I have finished an initial version of a 640x480 @ 60 Hz tile-based VGA driver, parameterized to support both 8x8 and 16x16 pixel tiles, as well as screen tile dimensions such that the horizontal and vertical screen tile dimensions are evenly divisible by the tile height and width with theoretical max screen dimensions of 40x30 w/ 16x16 tiles and 80x60 w/ 8x8 tiles. The code is located here. The graphics.spin object is the driver wrapper and vga.spin is the driver itself. The game and input objects are the game logic (which also defines the tile maps, tile palettes, and color palettes) and code to interface with 74HC165 shift registers to receive control inputs.

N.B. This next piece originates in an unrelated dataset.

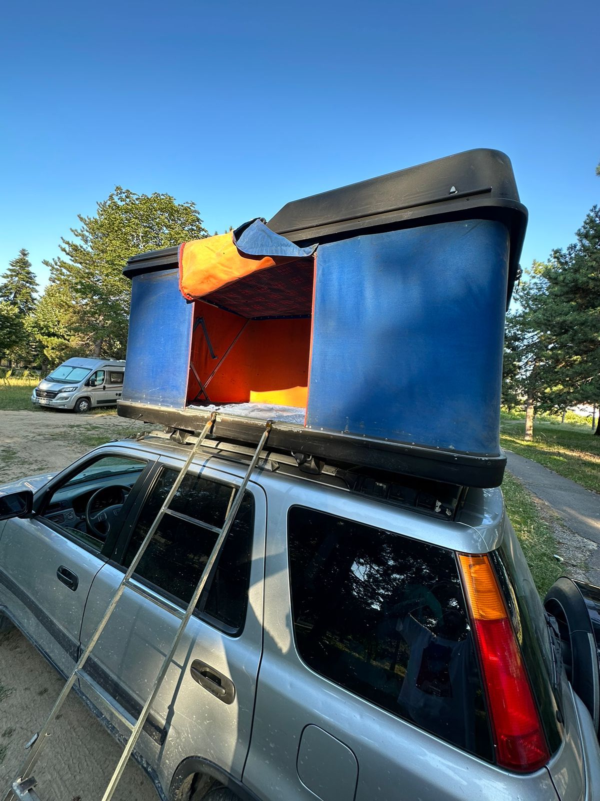 And at night you sleep quietly and comfortably in the practical roof tent.

The problem is, I'm hitting actual dimension ceilings much lower for each because currently, the driver is pulling tile map, tile palette, and color palette data from hub RAM between each waitvid, so literally in real time in a losing race against the pixel clock. And that's before even attempting to incorporate a sprite engine into the driver.

The solution of course is a multi-cog driver, and I've found plenty of good information on this site concerning the implementation of such a system:

- http://forums.parallax.com/discussion/131278/wading-into-video
- http://forums.parallax.com/discussion/106036/multi-cog-tile-driver-tutorial/p1
- http://forums.parallax.com/discussion/123709/commented-graphics-demo-spin/p1

However, I still have some brain-picking to do from the people who have the most experience with this...

From what I've seen in Chip's demo multi-cog video drivers, it appears that he's purposed a single PASM routine to alternately render scanlines. So while one cog is building the next scanline(s) it will render, the other is rendering the scanline(s) it just built (extensible to however many cogs). His code is admittedly beyond my ability to fully understand at this point, but I believe I understand the methodology he's employing. I also understand that in this scenario, "synchronizing" the cogs is vital so that their independent video output is interleaved seamlessly.

The other paradigm I'm seeing is where you have a single "video" cog (which outputs the actual VGA signal) and several "render" cogs which build alternating scanlines and copy them to a buffer which the video cog can grab and display. In this scenario, cog synchronization isn't necessary (unless using a combination of Chip's method to have multiple "video" cogs as well as multiple "render" cogs) however the number of required cogs is increased.

I prefer Chip's method personally, due to the reduced resource footprint, however I'm concerned about its scalability i.e. when I add a sprite rendering component to the VGA driver, will there still be enough time to generate data for the video generator? Because with the video+render cogs method, the render cogs don't have to wait for the video generation to be completed before generating the next scanline(s) of data like Chip's method requires; once they've copied their generated data to the scanline buffer they can immediately start generating the next scanline(s), without having to wait for a vertical or horizontal blanking period to do so.

So out of all this, the questions here are:

1. Is this analysis of pros and cons of each accurate?
2. If not/so, which method (or other) is better for both constructing and pushing tile-mapped and sprite-augmented video at VGA speeds?
3. When I get to development of an NTSC driver, will one of these methods be preferential to the other?

Thanks for any help!

Comments

  • 14 Comments sorted by Date Added Votes
  • potatoheadpotatohead Posts: 8,956
    edited November 13 Vote Up0Vote Down
    Chips method results in higher resolutions, but it leaves little time for dynamic display methods, the primary one being sprites. It does use a tile map though. That can do a lot more than people think.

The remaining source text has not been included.